Friday, November 19, 2021

Wiley OER (Open Educational Resources)

David Wiley was an early and influential figure in the OER (Open Education Resources) movement. He was involved not only in open content but also the definition and evangelising of OER and encouragement of open learning communities. He started the Open Content project, with its Open Conte Licences was closed in 2003, when it was superseded by Creative Commons. Creative Commons is a nont-for-profit, where Wiley was the Director of Educational Licenses, has over 2 billion works licenced, including Wikipedia and Flickr. 

Open Educational Resources (OER)

OER was a development that encouraged the open license of education content, in all forms of media for teaching, learning and assessment, also for research. Open is not a simple concept, in opposition to closed, as it is a matter of degree in terms of the nature of the content as resources, courses, books and so on, also the degree to which they are in the public domain.

Four R’s of openness

Wiley (2009), stated in The four R’s of openness and ALMS Analysis: Frameworks for open educational resources (2010), identified four things that Open Educational Resources allow from a license:

Reuse—The most basic level of openness.

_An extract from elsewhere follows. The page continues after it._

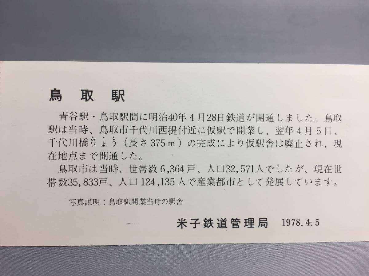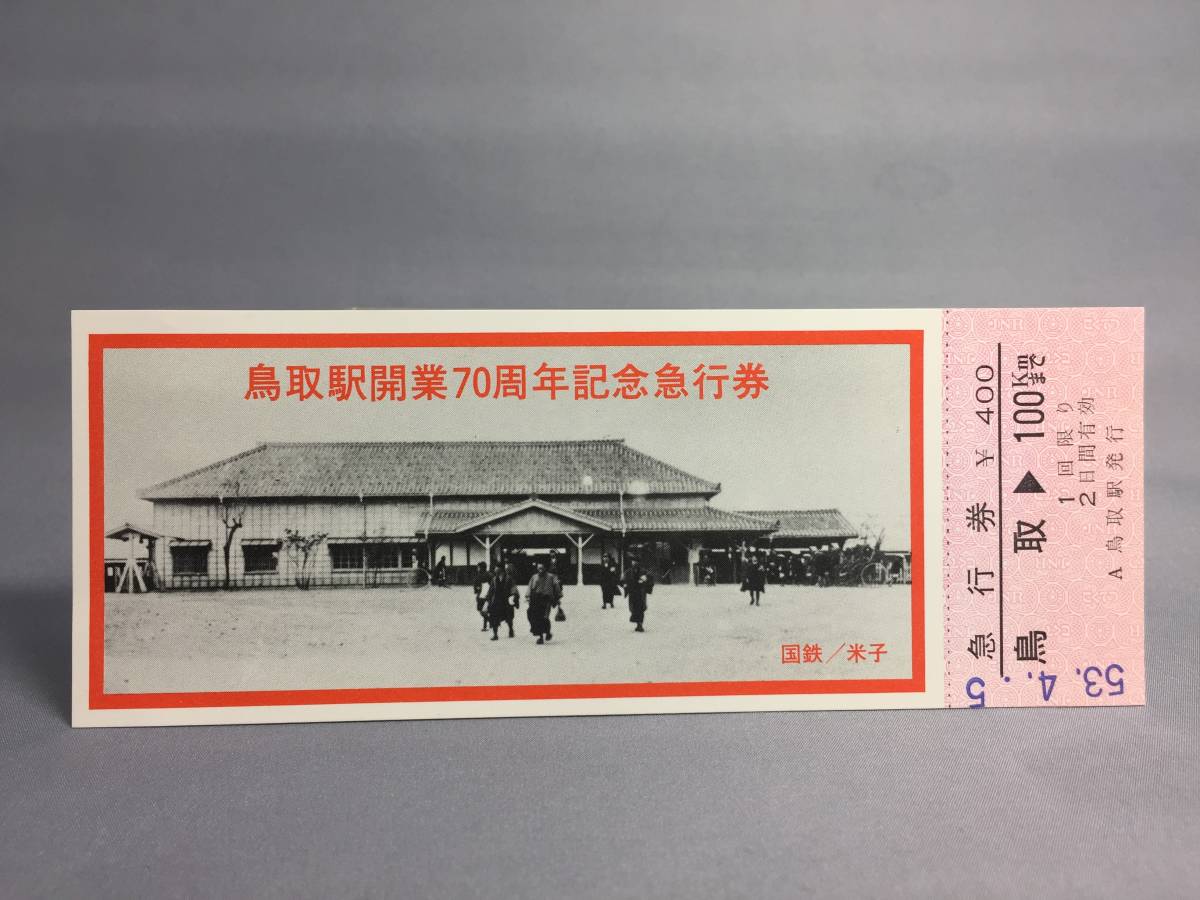 国鉄・米子鉄道管理局 昭和53年4月5日 鳥取駅開業70周年記念急行券 1枚 【K13-5394-2】

People are allowed to use all or part of the work for their own purposes (e.g. download an educational video to watch at a later time). 

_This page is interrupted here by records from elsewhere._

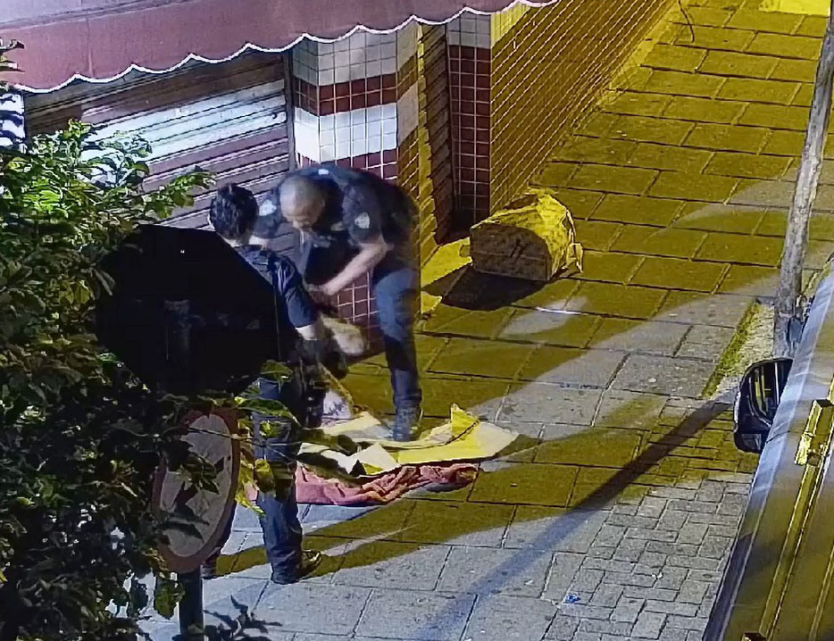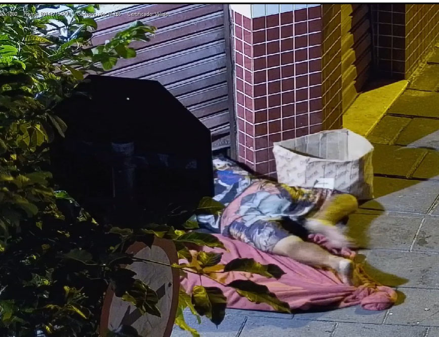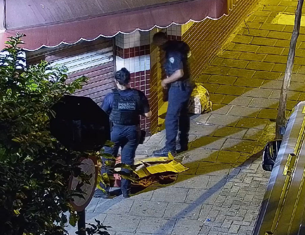 #PraTodosVerem: A sequência de quatro imagens de câmeras de segurança mostra, sob luz amarelada noturna, uma calçada de pedras em frente a um comércio com portas de aço fechadas e detalhes em azulejos vermelhos e brancos. Um indivíduo aparece deitado no chão coberto por mantas coloridas e cercado por caixas de papelão, até que dois agentes da Guarda Civil Municipal, usando fardas escuras e coletes com a inscrição "POLÍCIA MUNICIPAL", aproximam-se para realizar uma abordagem e inspeção no local. A cena é emoldurada por árvores, um poste de luz decorativo e a lateral de um veículo estacionado. Fim da descrição.
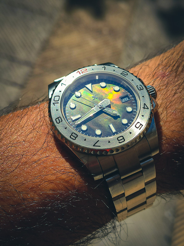 Το 2ο. Συνήθως δείχνει μαύρο ή γενικά σκούρο με κάποια υποψία ότι κάτι παίζει γιατί όλο και κάποιο χρώμα πάει να πεταχτεί. Ανάλογα το φως και τη γωνία μπορεί να γίνει πιο εντυπωσιακό. Απο κοντά όπως βλέπεις τα χρώματα να αλλάζουν δίνει ένα τρομερό βάθος στο καντράν, στις φωτογραφίες δεν γίνεται αντιληπτό. Υπάρχουν και πιο ζωηρά mop καντράν αλλά μου αρέσει το συγκεκριμένο που είναι διακριτικό.
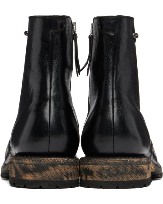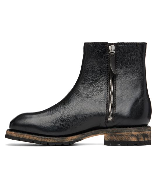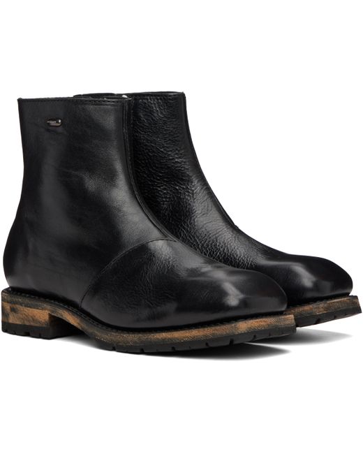 Ankle-high grained leather boots. · Square toe · Logo hardware at outer side · Zip closure at inner side · Topstitching at welt · Stacked Kilger leather heel and midsole · Treaded Vibram® rubber sole Supplier color: Deep black leather
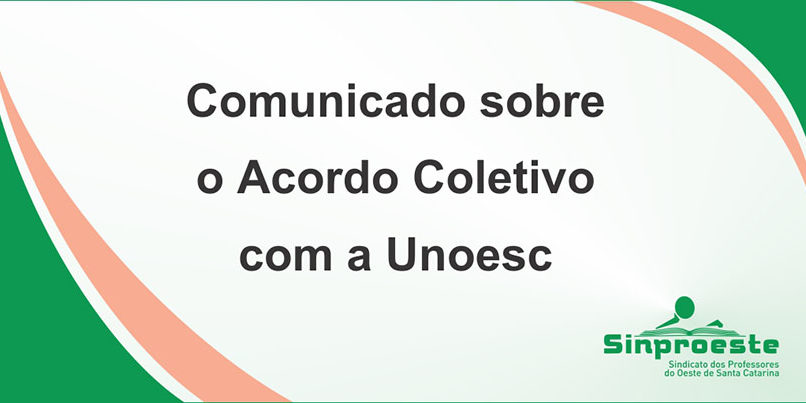 O Sinproeste comunica que a Unoesc decidiu, de forma unilateral, não discutir e assinar o novo Acordo Coletivo de Trabalho com o Sinproeste para este ano. O processo negocial, prática comum entre Sinproeste e Unoesc, que ocorria de forma serena e responsável, logo após o fechamento das negociações da Convenção Coletiva de Trabalho com o Sinepe (sindicato patronal), foi suspenso pela Unoesc.
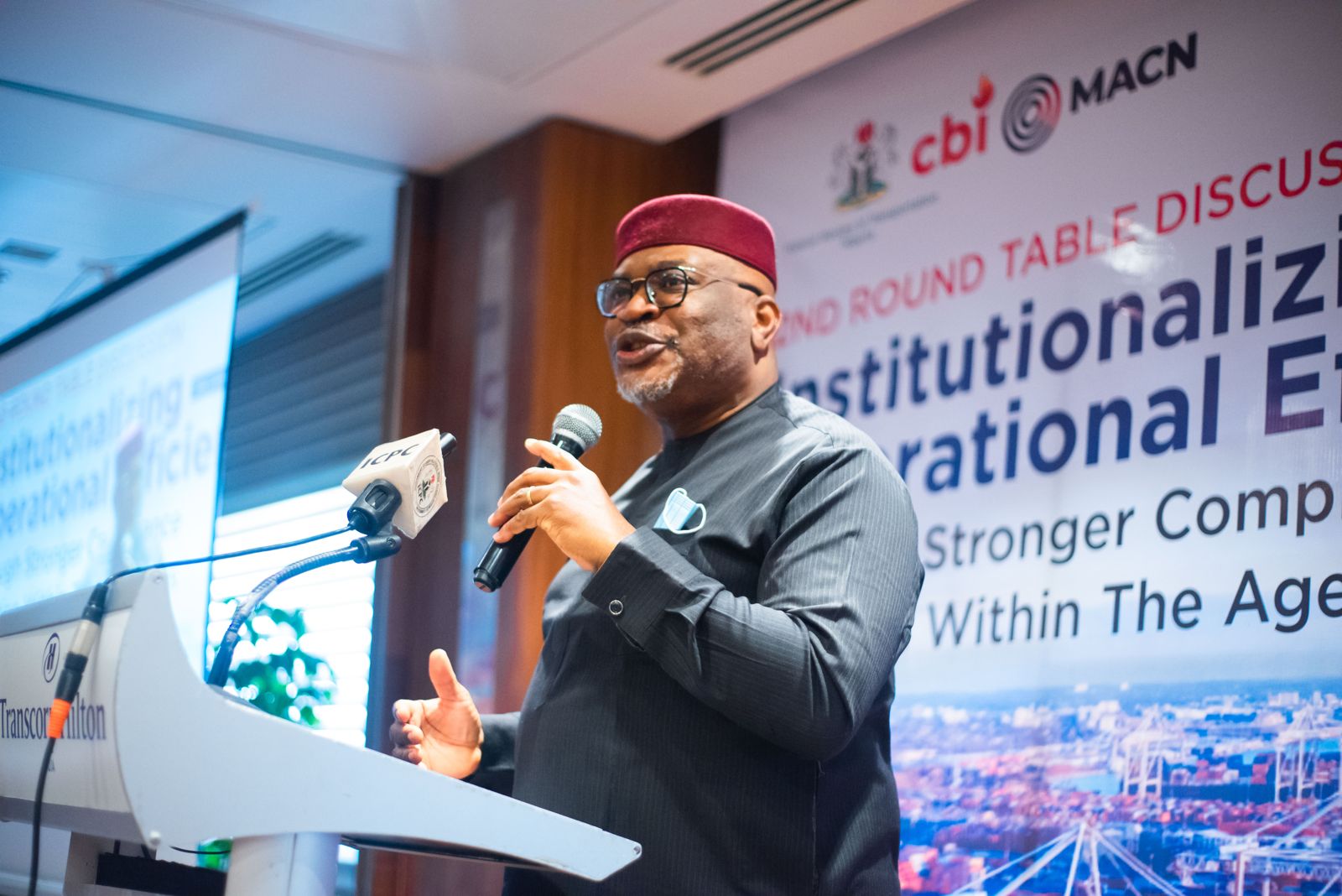Photo : Mr. Apampa presenting at a Collective Action (Compliance Roundtable) Meeting with public, private and civil society stakeholders

Redistribute—People can share the work with others (e.g. email a digital article to a colleague). 

Revise—People can adapt, modify, translate, or change the form the work (e.g. take a book written in English and turn it into a Spanish audio book). 

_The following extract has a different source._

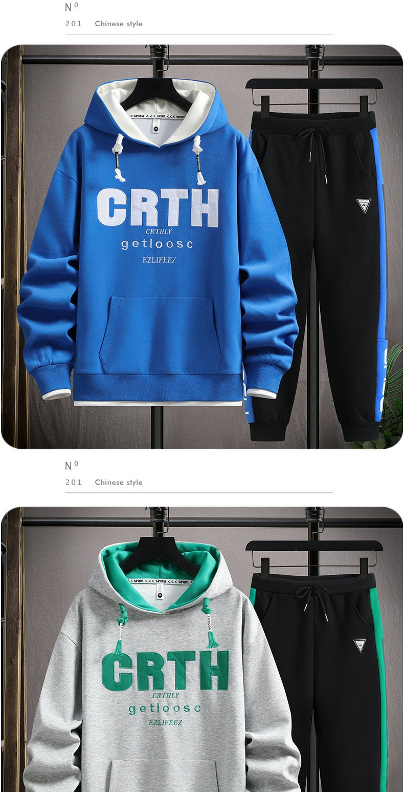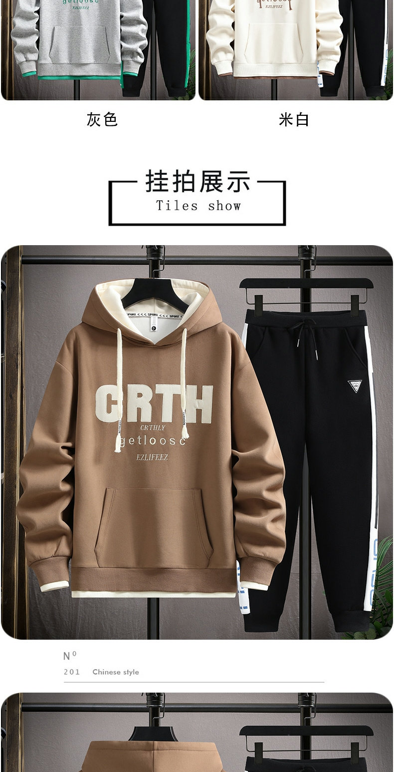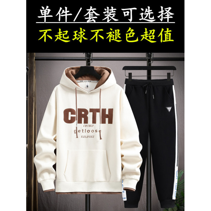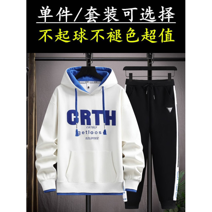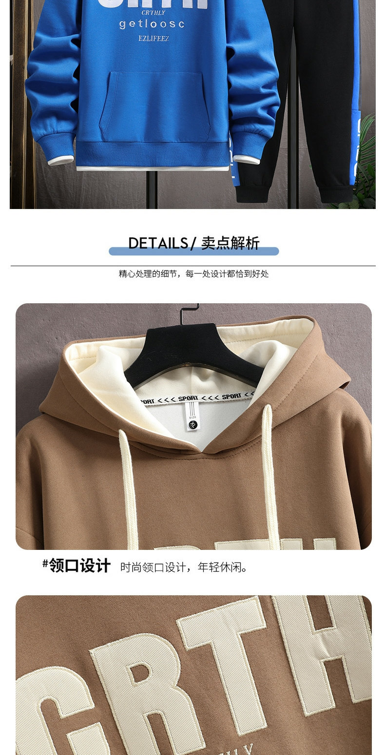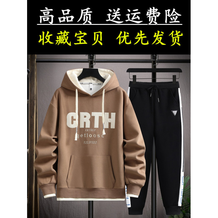 青少年秋冬款加絨衛衣男孩外套初中高中學生帥氣大童男裝潮流套裝
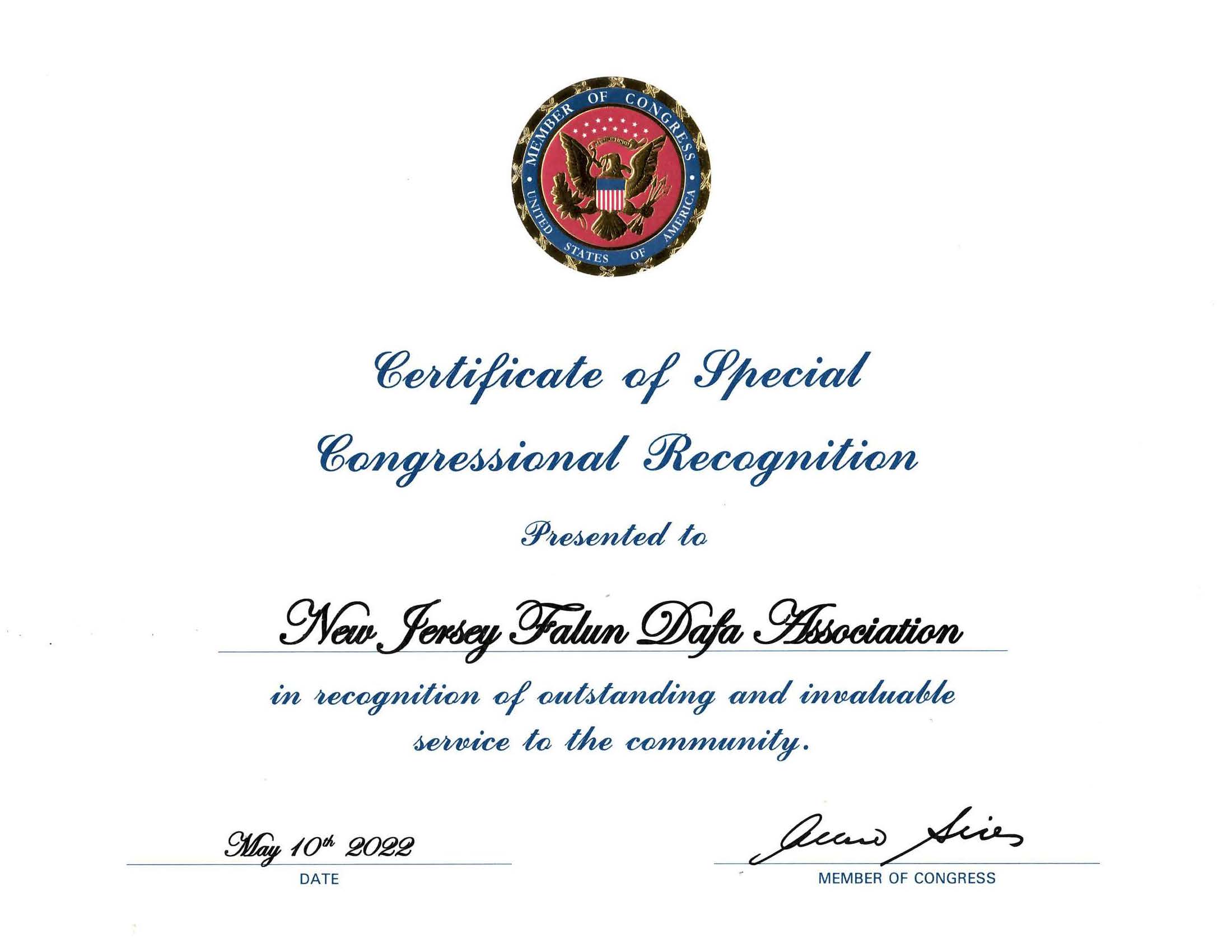 【明慧网二零二二年五月十七日】在庆祝第二十三届“世界法轮大法日”和法轮大法弘传世间三十周年之际,二零二二年五月,美国新泽西州政要纷纷发来褒奖与贺信,赞扬法轮大法的祥和与美好;同时,对中共迫害法轮功修炼者罪行关注和谴责。其中包括,新泽西州第一、第二、第八、第十、和第十一选区的五位联邦众议员。

Remix—People can take two or more existing resources and combine them to create a new resource (e.g. take audio lectures from one course and combine them with slides from another course to create a new derivative work). Figure 1 illustrates how allowing these different R’s increases the openness of an OER.

Critique

OER has been somewhat confused by the availability of free resources, such as MOOCs. Free is different from open and can give the impression of low quality. There is also the NIH (Note Invented Here) syndrome that often prevents such resources from being used by research oriented faculty who have a natural disposition towards seeing everything created by them, even content that is to be taught. 

Influence

The Open Educational Resources movement has been growing steadily through the steady and relentless world of theorists and contributors, such as David Wiley. In practice, it turned out not to be reusability redistribution, revision and remixing that was relevant. OER targeted directly at learners, not teachers has had far more success and this happened on a greater scale with resources such as YouTube, MOOCs, Khan Academy and Duolingo, almost in spite of the institutional OER movement. In fact, there seems to have been a bifurcation in OER between the flood of publicly funded projects, that tended to atrophy even die, and a successful crop of global successes. 

Bibliography

Hilton, J., Wiley, D., Stein, J., & Johnson, A. (2010). The four R’s of openness and ALMS Analysis: Frameworks for open educational resources. Open Learning: The Journal of Open and Distance Learning, 25(1), 37–44.

Wiley (2009). Creating Open Educational Resources. Materials prepared for an independent study class on Open Educational Resources.

Wiley, D.A., 2002. The instructional use of learning objects (Vol. 1). Bloomington, IN: Agency for instructional technology.